ROANOKE TIMES

                         Roanoke Times
                 Copyright (c) 1995, Landmark Communications, Inc.

DATE: FRIDAY, December 10, 1993                   TAG: 9312100160
SECTION: BUSINESS                    PAGE: B-11   EDITION: METRO 
SOURCE: Associated Press
DATELINE: WASHINGTON                                LENGTH: Medium


ENERGY PRICES TAME WHOLESALE INFLATION

Falling energy costs tamed producer inflation in November, despite a blip in new-car prices and a weather-related jump in food costs. Prices

paid to producers such as farms and factories were unchanged last month after falling 0.2 percent in October, the Labor Department said Thursday.

It was the seventh consecutive month the Producer Price Index either held steady or declined.

Nevertheless, speculation is increasing that the Federal Reserve will seek to maintain low inflation with a small increase in short-term interest rates. Treasury Secretary Lloyd Bentsen all but conceded that will happen.

"Short-term rates, over a period of time, obviously they're going to rise some. But I would not estimate that that would be anything major," he told reporters at the White House.

The Fed has held its benchmark federal funds rate at a three-decade low of 3 percent for 15 months. But now that economic growth is picking up, many analysts are looking for a quarter-point increase in the first three months of the year.

"You don't want to wait for inflation to actually start accelerating before you tighten [interest rates]. By then, it's too late," said economist Paul W. Boltz of T. Rowe Price Associates in Baltimore.
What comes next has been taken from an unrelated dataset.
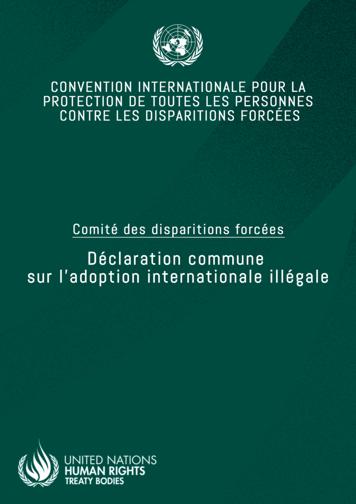 Le 29 septembre 2022, le Comité des Nations Unies (ONU) a décidé d’adopter une déclaration conjointe avec le Comité sur les disparitions forcées, le Groupe de travail sur les disparitions forcées ou involontaires, le Rapporteur spécial sur la promotion de la vérité, de la justice, de la réparation et des garanties de non-répétition en matière d’adoptions internationales illégales.
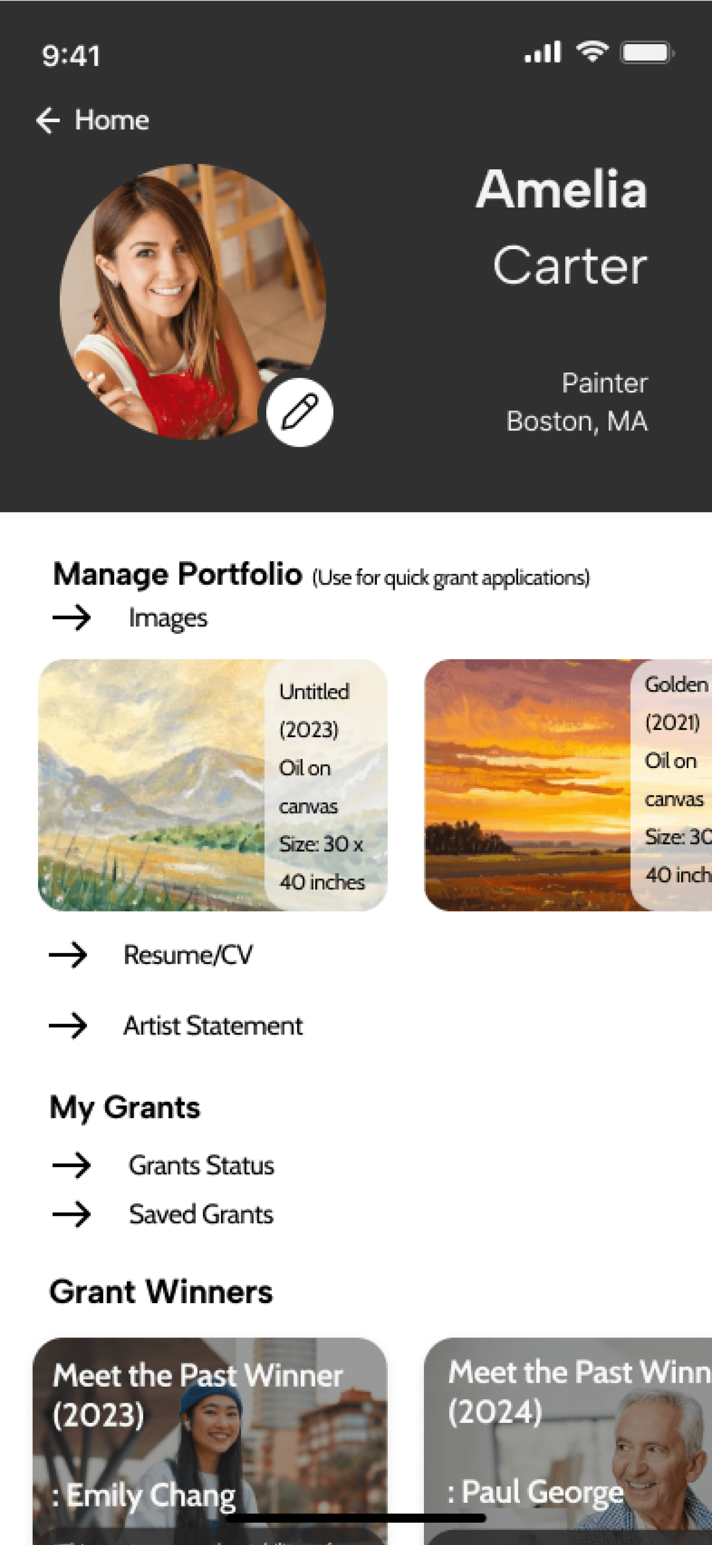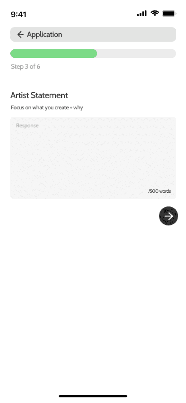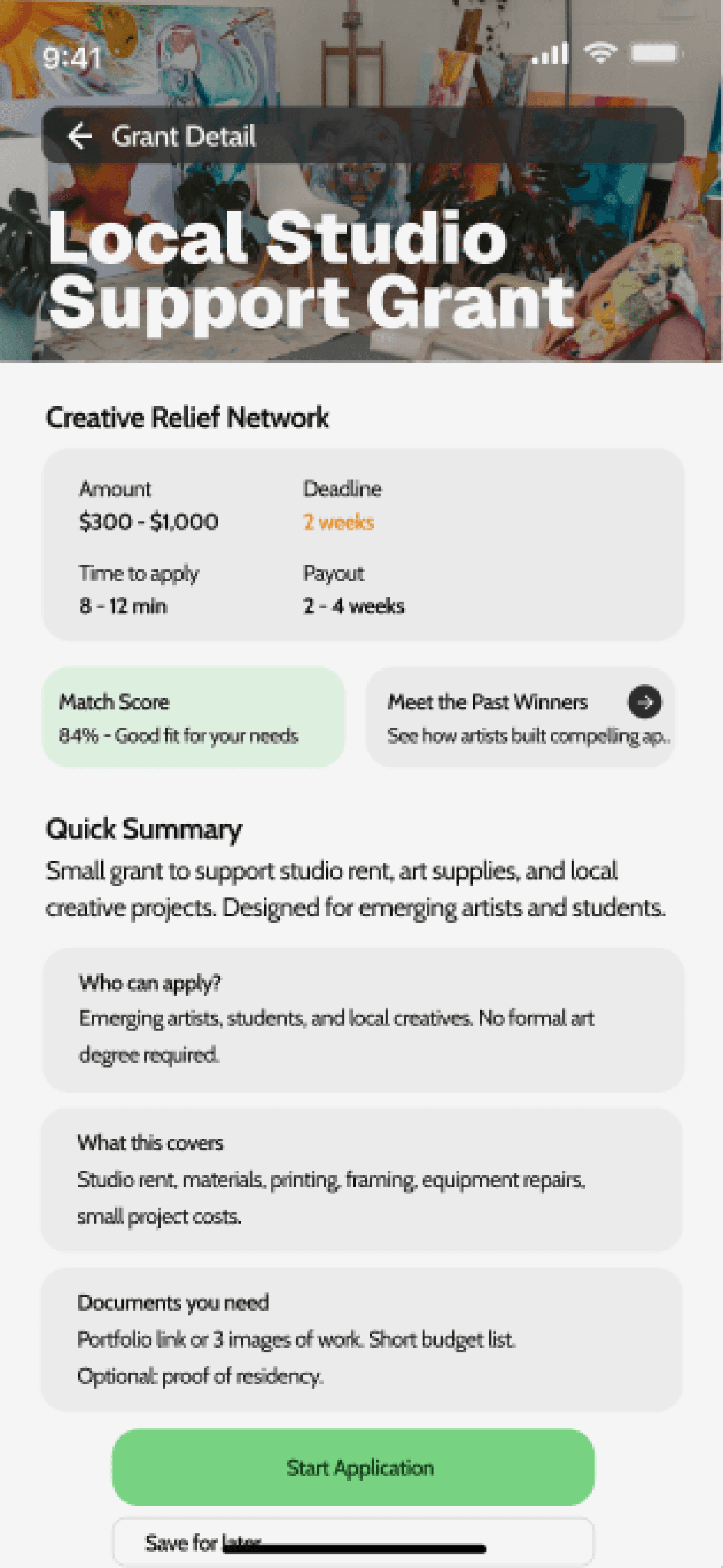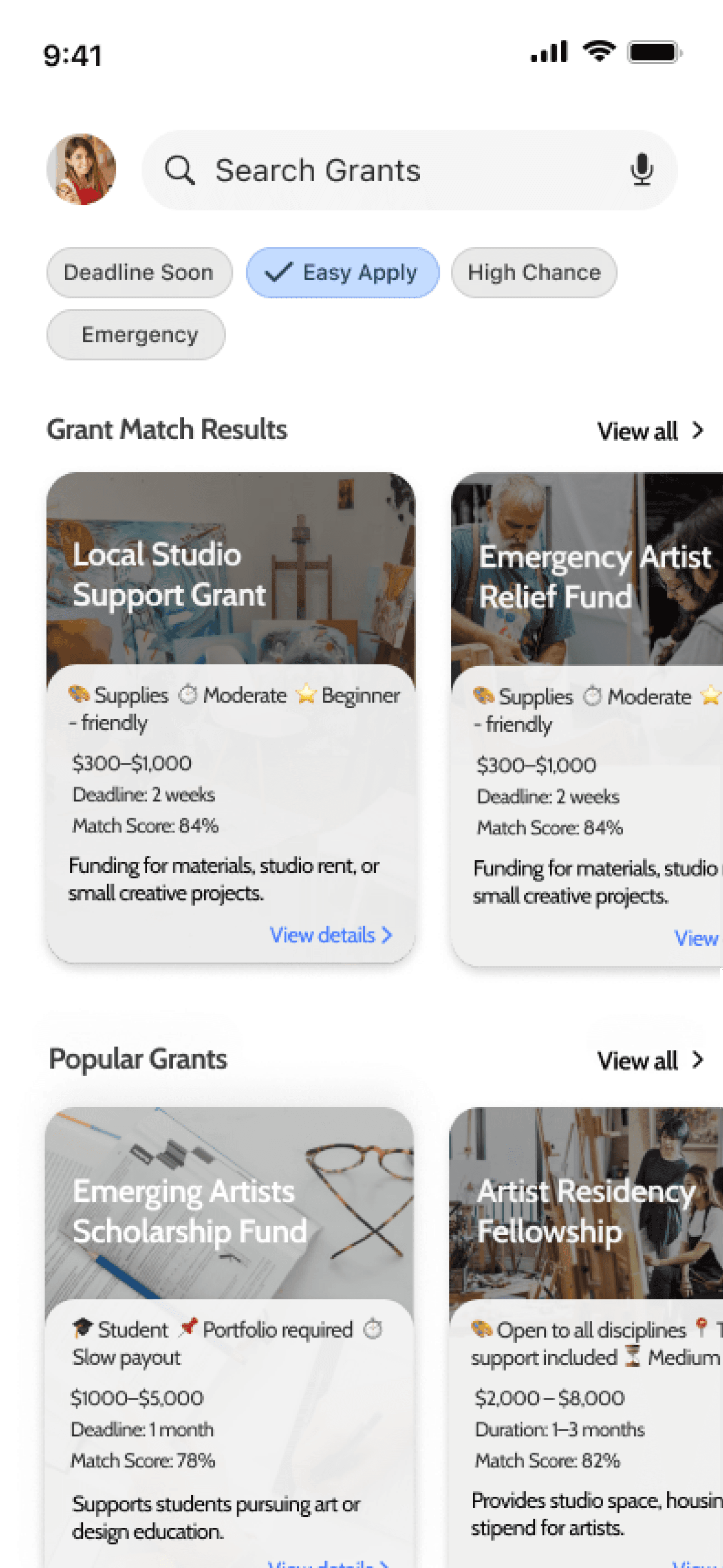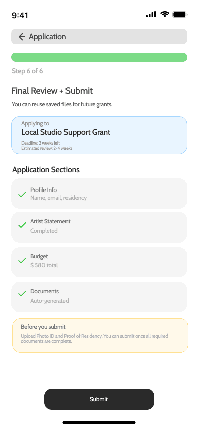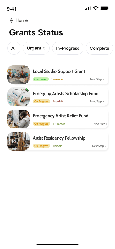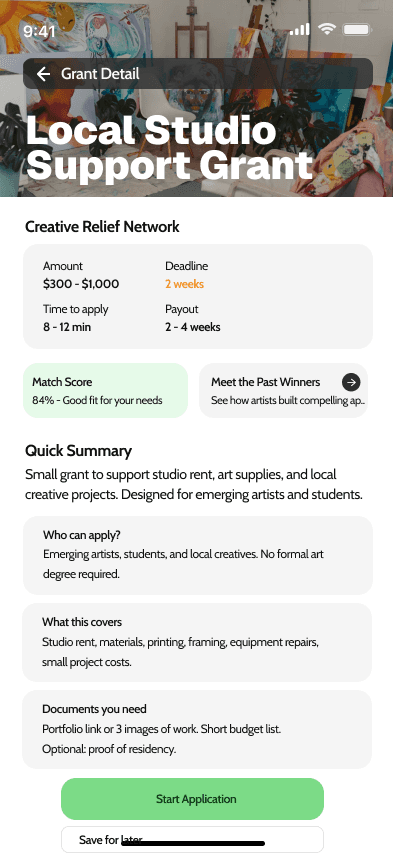 Our home screen was designed to reduce any cognitive overload and center the artist. Instead of overwhelming users with long lists like traditional grant sites, we first surface customized Grant Matches with funding amounts, deadlines, and match scores.

Still, Thursday's producer price report displayed little evidence of increasing price pressures, and a similar result was expected in a report today on consumer prices.

For the first 11 months of the year, producer prices rose at a 0.4 percent annual rate. Consumer inflation has been running just under 3 percent this year and last, after a decade of fluctuating between 4 percent and 5 percent.

"The Fed can't wait until inflation gets to 4 percent again before they do something," Boltz said. "That would be a grotesque repetition of the 1970s."

Energy prices fell 2.7 percent, pulled down by a 5.8 percent drop for gasoline, the steepest in 11 months, and an 11.9 percent plunge for home heating oil, the biggest in 23 months.

Residential electricity fell 1.3 percent, the largest one-month decline on record.

Food prices rose 0.8 percent after falling 0.5 percent in October. Vegetables jumped 18.1 percent and rice was up 29.3 percent after increasing 21.4 percent the month before. The vegetable increase also included increases of 332 percent for cucumbers, 253 percent for squash, 108 percent for snap beans and 104 percent for tomatoes.

Excluding the volatile food and energy sectors - the so-called core rate - prices rose 0.4 percent after falling 0.5 percent a month earlier. That briefly flustered financial markets, but Steinberg said it mostly was the result of an aberration in new-car prices.